Elizabeth Mjelde an art history professor was interested in

Elizabeth Mjelde, an art history professor, was interested in whether the value from the Golden Ratio formula, ( larger + smaller dimension) / larger dimension ) was the same in the Whitney Exhibit for works from 1900 to 1919 as for works from 1920 to 1942. Thirty-seven early works were sampled, averaging 1.74 with a standard deviation of 0.11. Sixty-five of the later works were sampled, averaging 1.746 with a standard deviation of 0.1064. Do you think that there is a significant difference in the Golden Ratio calculation?

Solution

We have given that ,Elizabeth Mjelde, an art history professor, was interested in whether the value from the Golden Ratio formula, ( larger + smaller dimension) / larger dimension ) was the same in the Whitney Exhibit for works from 1900 to 1919 as for works from 1920 to 1942.

Consider alpha = level of significance = 0.05

Here hypothesis for the test is,

H0 : µ1 = µ2 Vs H1 : µ1   µ2

The test is two sided.

Here first we have to check whether the two variances are equal or not.

Hypothesis for the test is,

H0 : The two variances are equal.

H1 : The variances are not equal.

The test statistic is,

F = Larger variance / Smaller variance

We have given that,

n1 = number of early works = 37

n2 = number of later works = 65

X1bar = 1.74

X2bar = 1.746

s1 = 0.11

s2 = 0.1064

F = 0.11^2 / 0.1064^2 = 1.0688

critical value for F distribution we can calculate by using EXCEL.

syntax :

=FINV(probability , d.f.1, d.f.2)

probability = alpha / 2 = 0.05 / 2 = 0.025

d.f.1 = n1 - 1 = 37 - 1 = 36

d.f.2 = n2 - 1 = 65 - 1 = 64

Critical value = 1.7523

F < critical value

Fail to reject H0 at 5% level of significance.

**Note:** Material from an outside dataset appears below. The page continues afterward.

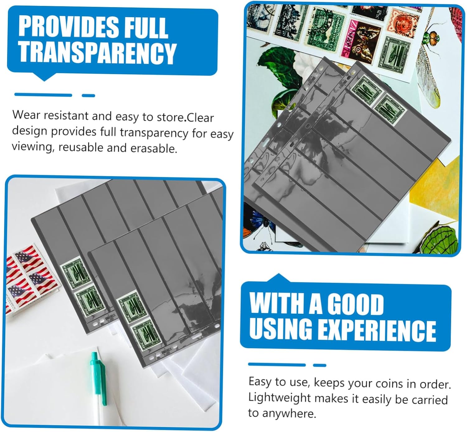 Porta francobolli: l'aspetto trasparente del design consente di vedere il contenuto all'interno della pagina, pagine di protezione per francobolli Libro di francobolli: la pagina del nostro album di francobolli è liscia e ti fa sentire a tuo agio quando la tocchi, protegge la borsa Album per francobolli: è realizzato in materiale , questo articolo può essere utilizzato a lungo termine, come tasca per collezionisti di francobolli Album porta francobolli: facili da usare, mantengono le tue monete in ordine, leggeri e facili da trasportare ovunque, pagina dell'album per francobolli Pagine di francobolli per raccoglitore di album di francobolli: può essere un regalo pratico per i tuoi amici che amano francobolli e saranno molto felici, album di raccolta di francobolli

Conclusion : Variances are equal.

Now we test two means using pooled variance.

Pooled variance (S) = sqrt [ (n1-1) * s1^2 + (n2 - 1) * s2^2 / (n1 + n2 -2) ]

S = sqrt [ (37-1) * 0.11^2 + (65-1) * 0.1064^2 / 100 ]

= sqrt(1.1601 / 100)

S = 0.10771

The test statistic is,

t = (X1bar - X2bar) / [ S * sqrt(1/n1 + 1/n2) ]

= ( 1.74 - 1.746) / [ 0.10771 * sqrt ( 1 / 37 + 1 / 65 ) ]

t = - 0.006 / 0.0222 = - 0.27049

t = - 0.27049

We can find P-value for taking decision.

EXCEL syntax :

=tdist ( x,d.f.,tails)

x is the test statistic value

d.f. = n1 + n2 - 2 = 37 + 65 - 2 = 100

tails = 2

P-value = 0.787341

P-value > alpha

Fail to reject H0 at 5% level of significance.

Conclusion : The two means are equal.